BEGIN RECORDS SHOWN

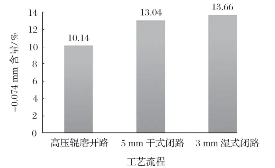 圖5 不同高壓輥磨工藝流程產(chǎn)品 -0.074 mm 含
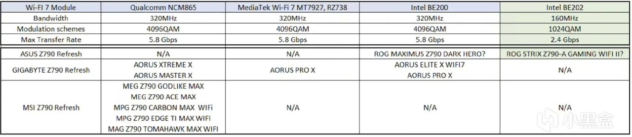 附上主流 WiFi7 網卡性能參數以及搭載的主板
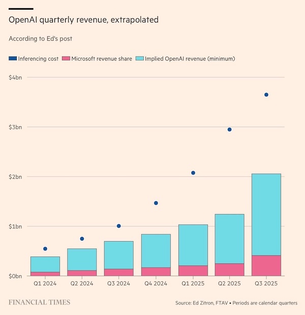And those losses at OpenAI that helping to bolster the profits of Big Tech may, in fact, understate the true nature of the problem. “The apparent gap between revenues and running costs is a lot more than has been reported previously. If the data is accurate, then it would call into question the business model of OpenAI and nearly every other general-purpose LLM vendor,” reports The Financial Times.
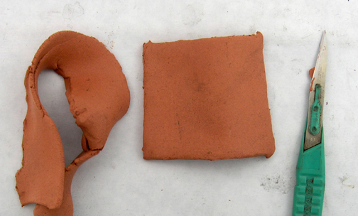 4. Cut the top layer to the shape of the backing layer, letting the dry clay lead your knife.
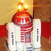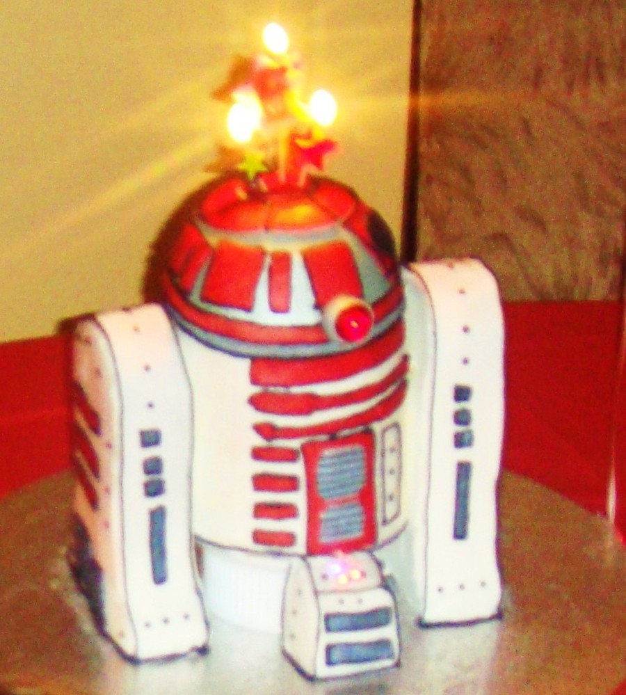 my little guy wanted rtd2's red cousin. Had both glowing and blinking lights. 6" rounds w/ sports ball for top. Fondant accents painted with metallic glaze. This cake gave me FITS from start to finish. UGH!
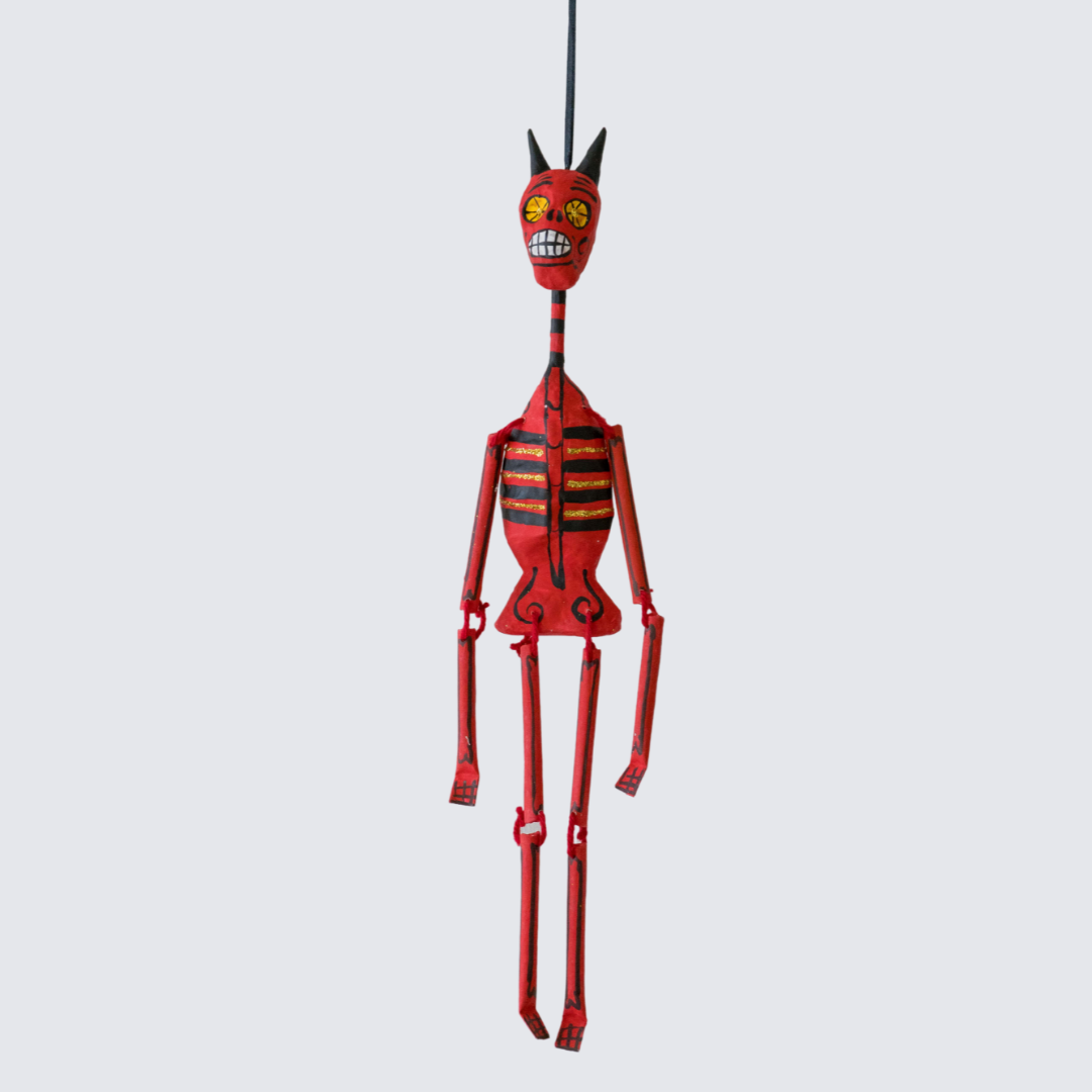 This playful Diablito figurine is a colorful piece of Mexican folk art, handcrafted from paper mache in San Miguel de Allende by artisan couple Lupita and Pedro, who have passed down this tradition through generations.
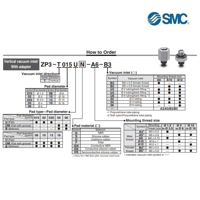 ZP3-T*B vakuová přísavka pro přesnou a rychlou manipulaci.Ideální pro použití v automatizaci, robotických ramenech, balicích linkách nebo manipulaci s plochými či mírně zakřivenými povrchy.Materiál přísavky: NBR, silikon, uretan, FKM, vodivý NBR a vodivý silikon.Tvar přísavky: měch.Možnosti: vnitřní závit, přívod vakua nástrčnou spojkou, přívod vakua nátrubkem, přívod vakua v ose.
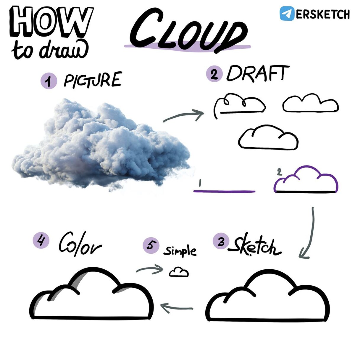 Облако плоское снизу и пушистое сверху. Его довольно просто нарисовать — всего в два шага.
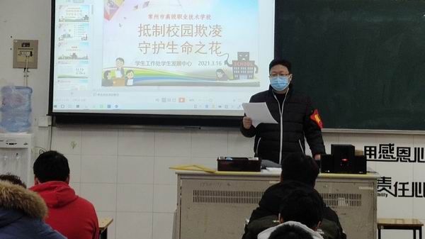 为贯彻落实国务院教育督导委员会办公室《关于开展校园欺凌专项治理的通知》精神,结合武进区教育局防范中小学生欺凌专项治理行动工作实施方案精神,加强对在校学生的法制教育,减少校园欺凌事件的发生。机械工程学院全体班级,于2021年3月16日下午开展了以“抵制校园欺凌 守护生命之花”为主题的宣传教育活动。

END RECORDS SHOWN

**WORK INSTRUCTION**:
Take the entries above and set them down exactly, minus the pictures.

**ANSWER**:
 圖5 不同高壓輥磨工藝流程產(chǎn)品 -0.074 mm 含
 附上主流 WiFi7 網卡性能參數以及搭載的主板
And those losses at OpenAI that helping to bolster the profits of Big Tech may, in fact, understate the true nature of the problem. “The apparent gap between revenues and running costs is a lot more than has been reported previously. If the data is accurate, then it would call into question the business model of OpenAI and nearly every other general-purpose LLM vendor,” reports The Financial Times.
 4. Cut the top layer to the shape of the backing layer, letting the dry clay lead your knife.
 my little guy wanted rtd2's red cousin. Had both glowing and blinking lights. 6" rounds w/ sports ball for top. Fondant accents painted with metallic glaze. This cake gave me FITS from start to finish. UGH!
 This playful Diablito figurine is a colorful piece of Mexican folk art, handcrafted from paper mache in San Miguel de Allende by artisan couple Lupita and Pedro, who have passed down this tradition through generations.
 ZP3-T*B vakuová přísavka pro přesnou a rychlou manipulaci.Ideální pro použití v automatizaci, robotických ramenech, balicích linkách nebo manipulaci s plochými či mírně zakřivenými povrchy.Materiál přísavky: NBR, silikon, uretan, FKM, vodivý NBR a vodivý silikon.Tvar přísavky: měch.Možnosti: vnitřní závit, přívod vakua nástrčnou spojkou, přívod vakua nátrubkem, přívod vakua v ose.
 Облако плоское снизу и пушистое сверху. Его довольно просто нарисовать — всего в два шага.
 为贯彻落实国务院教育督导委员会办公室《关于开展校园欺凌专项治理的通知》精神,结合武进区教育局防范中小学生欺凌专项治理行动工作实施方案精神,加强对在校学生的法制教育,减少校园欺凌事件的发生。机械工程学院全体班级,于2021年3月16日下午开展了以“抵制校园欺凌 守护生命之花”为主题的宣传教育活动。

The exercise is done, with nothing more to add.